INFORMATION SHOWN →
--

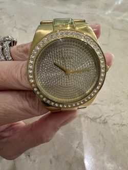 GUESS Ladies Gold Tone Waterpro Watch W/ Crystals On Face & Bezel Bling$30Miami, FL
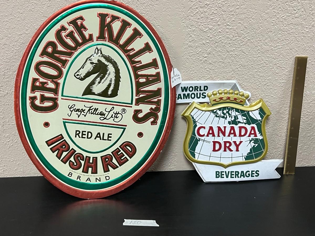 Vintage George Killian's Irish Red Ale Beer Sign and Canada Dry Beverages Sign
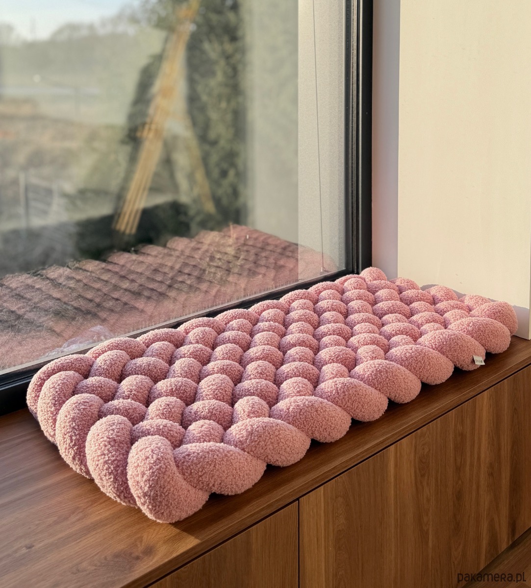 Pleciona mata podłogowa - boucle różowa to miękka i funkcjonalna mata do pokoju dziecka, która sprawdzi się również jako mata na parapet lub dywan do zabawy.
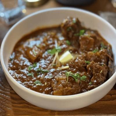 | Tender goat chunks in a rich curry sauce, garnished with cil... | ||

--

YOUR INSTRUCTIONS → Word for word, restate all of the material, omitting the images.

RESPONSE TO THE EXERCISE →
 GUESS Ladies Gold Tone Waterpro Watch W/ Crystals On Face & Bezel Bling$30Miami, FL
 Vintage George Killian's Irish Red Ale Beer Sign and Canada Dry Beverages Sign
 Pleciona mata podłogowa - boucle różowa to miękka i funkcjonalna mata do pokoju dziecka, która sprawdzi się również jako mata na parapet lub dywan do zabawy.
 | Tender goat chunks in a rich curry sauce, garnished with cil... | ||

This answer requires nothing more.